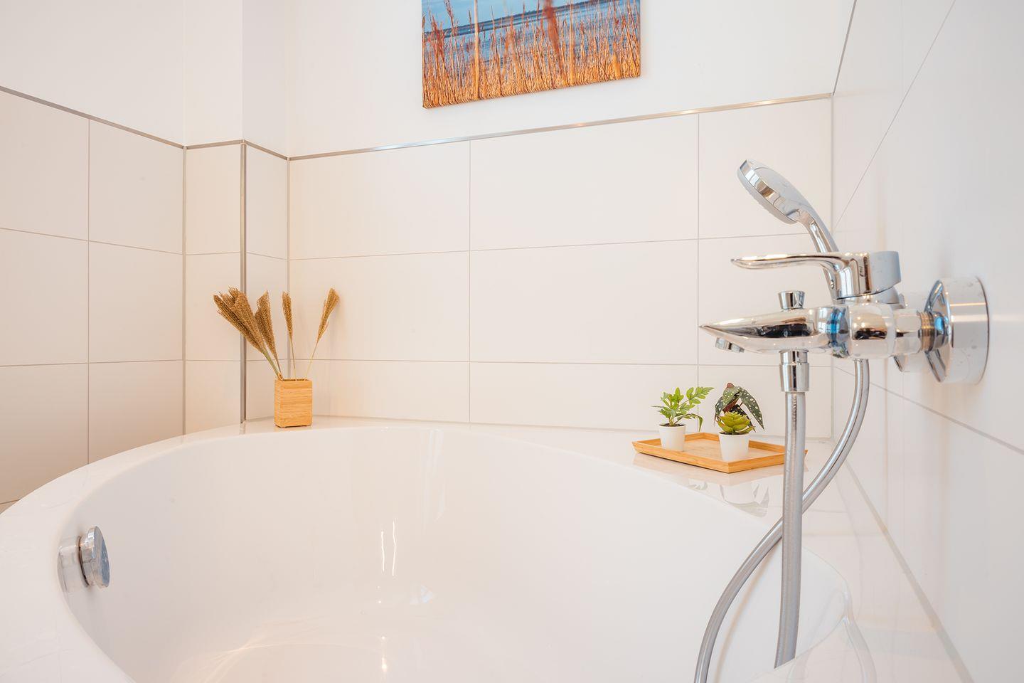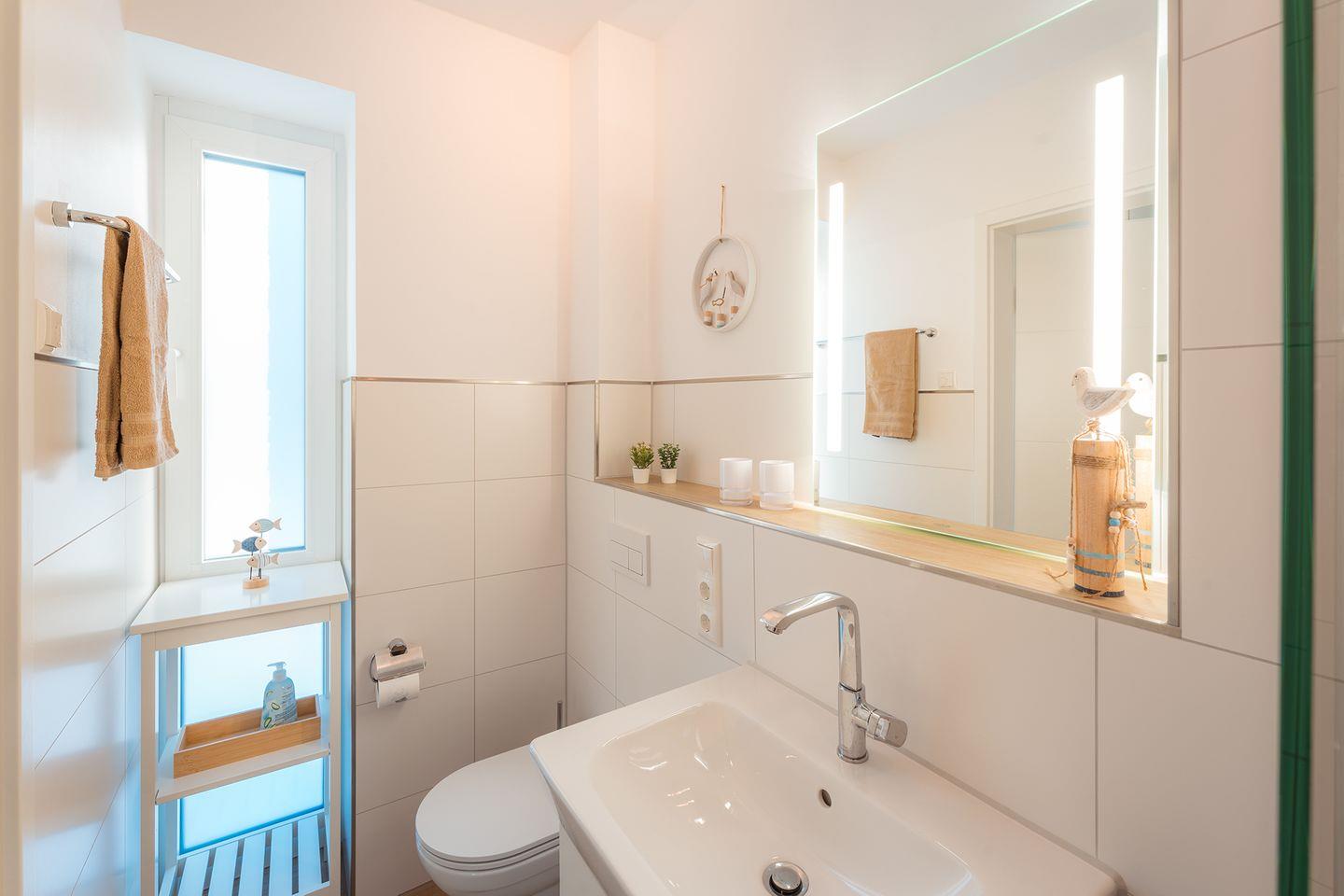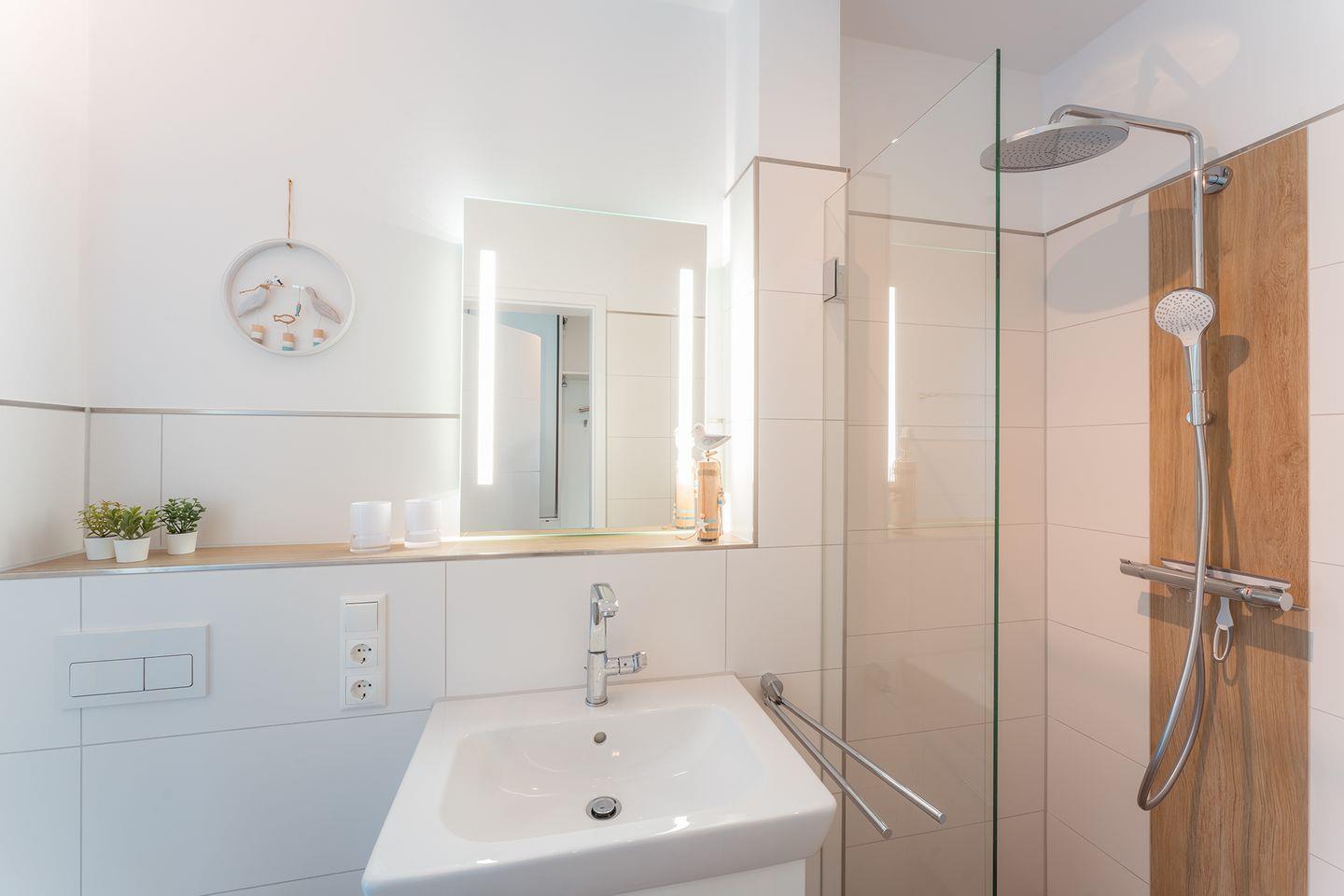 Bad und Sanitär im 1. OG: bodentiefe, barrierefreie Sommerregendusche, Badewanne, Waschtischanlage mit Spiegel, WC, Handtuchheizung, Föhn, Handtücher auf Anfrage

============

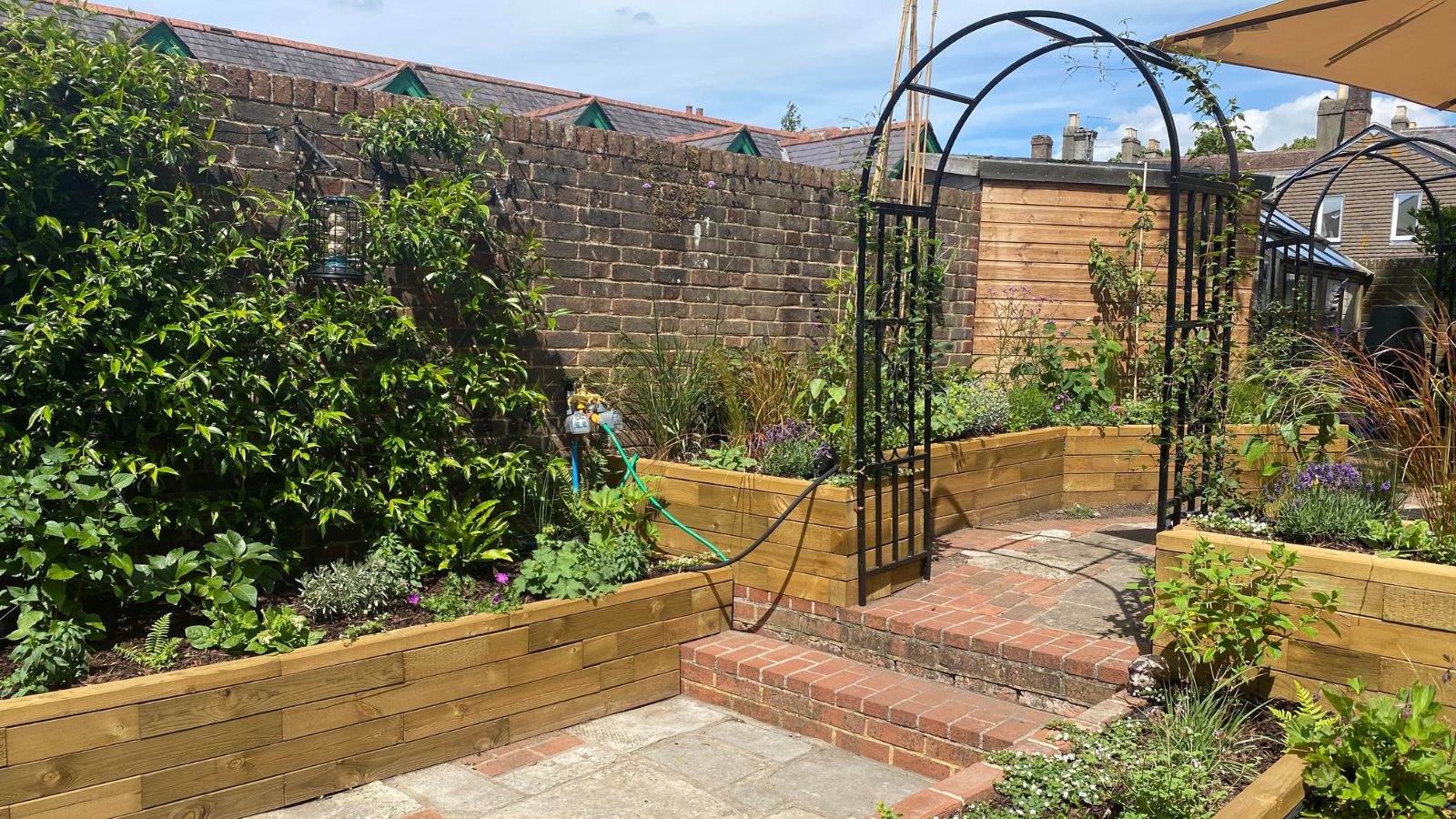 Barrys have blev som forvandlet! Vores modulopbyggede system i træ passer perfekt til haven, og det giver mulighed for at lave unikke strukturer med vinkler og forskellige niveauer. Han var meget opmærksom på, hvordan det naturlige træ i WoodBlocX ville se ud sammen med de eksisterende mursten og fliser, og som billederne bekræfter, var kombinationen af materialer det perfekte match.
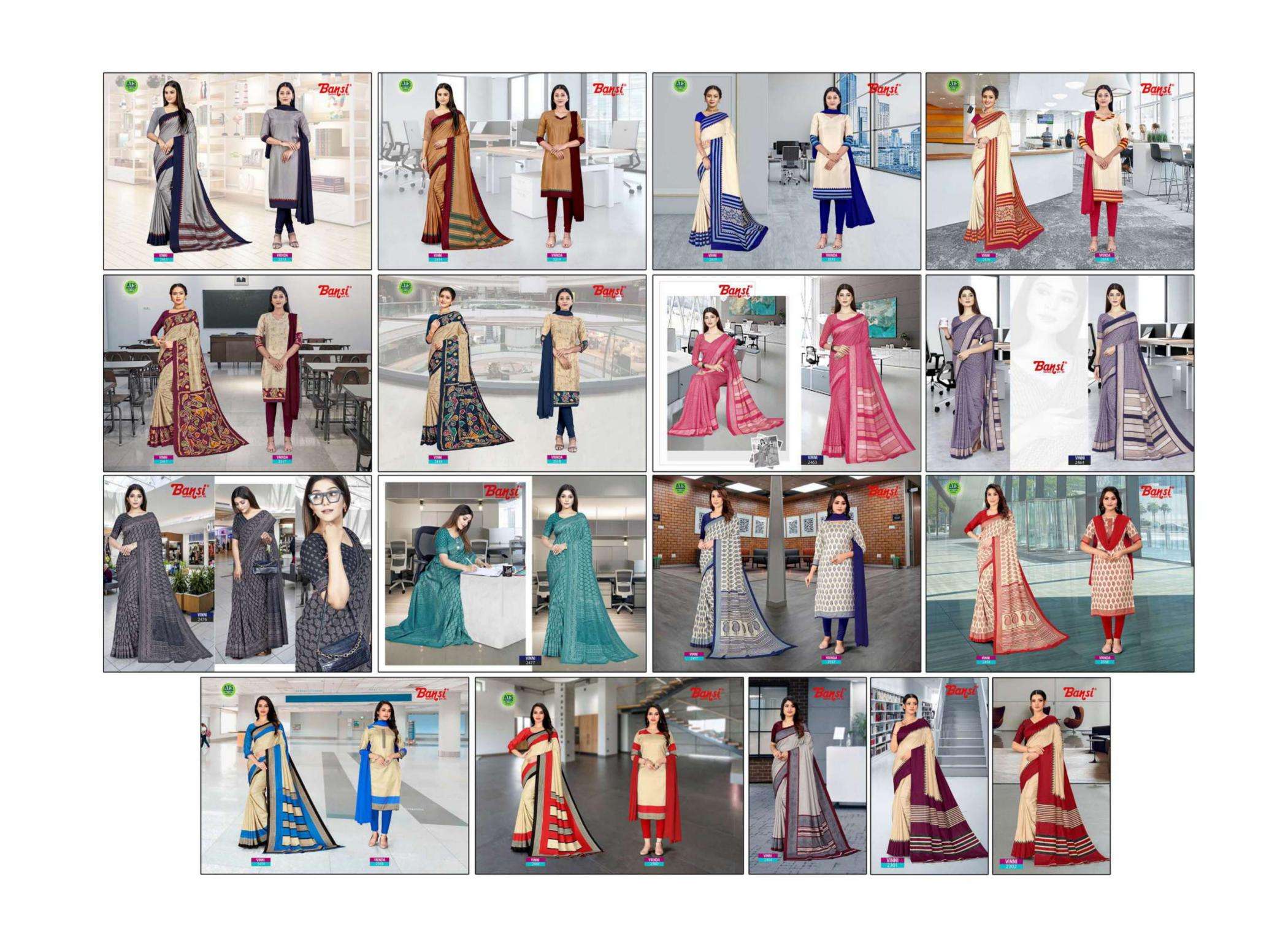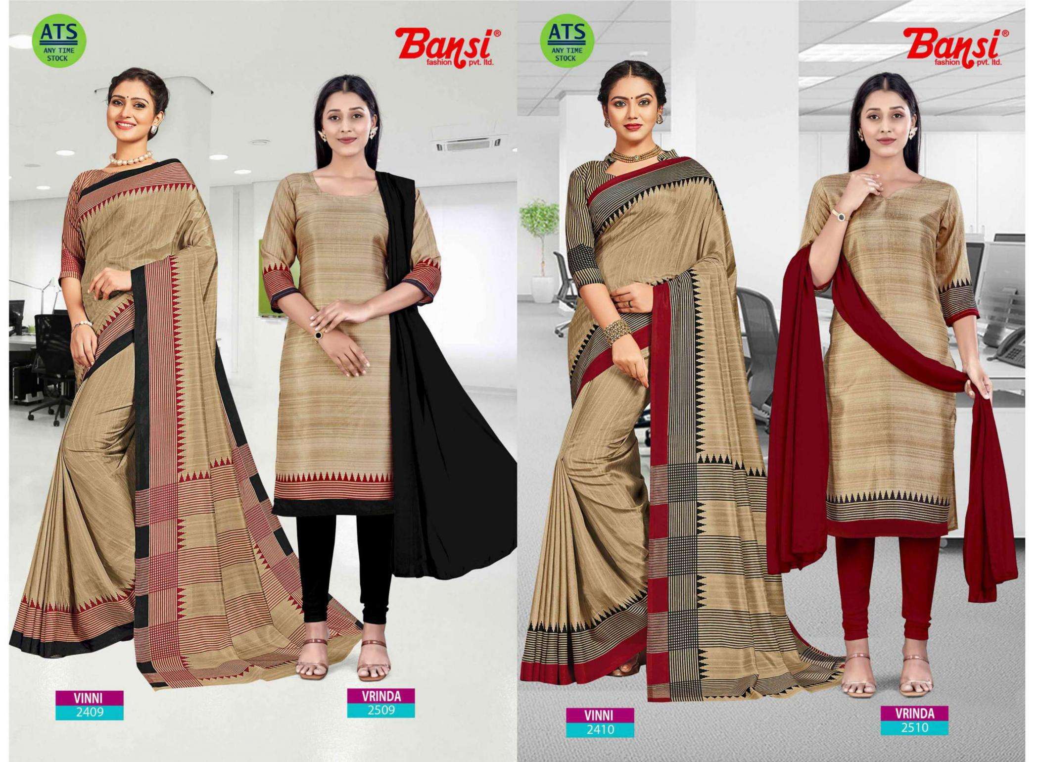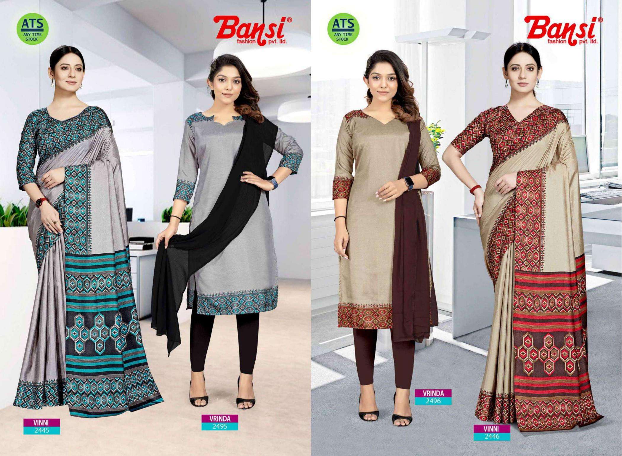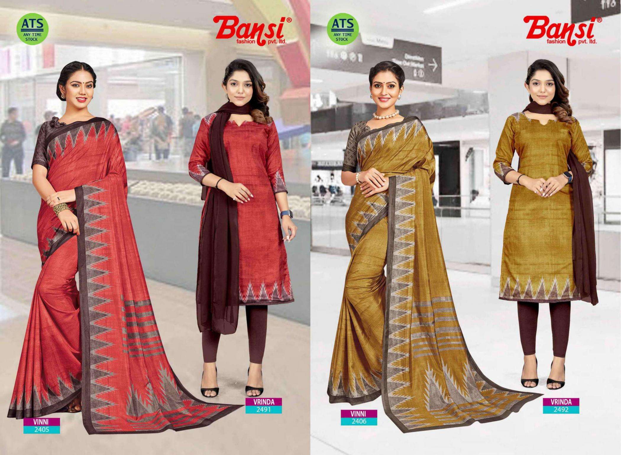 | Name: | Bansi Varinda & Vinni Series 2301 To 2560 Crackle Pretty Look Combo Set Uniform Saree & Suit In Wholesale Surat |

============

In the records above, find the line containing "Barrys have blev" and the line containing "Wholesale Surat |", then give both of them again word for word along with every line between. Omit any pictures.

 Barrys have blev som forvandlet! Vores modulopbyggede system i træ passer perfekt til haven, og det giver mulighed for at lave unikke strukturer med vinkler og forskellige niveauer. Han var meget opmærksom på, hvordan det naturlige træ i WoodBlocX ville se ud sammen med de eksisterende mursten og fliser, og som billederne bekræfter, var kombinationen af materialer det perfekte match.
 | Name: | Bansi Varinda & Vinni Series 2301 To 2560 Crackle Pretty Look Combo Set Uniform Saree & Suit In Wholesale Surat |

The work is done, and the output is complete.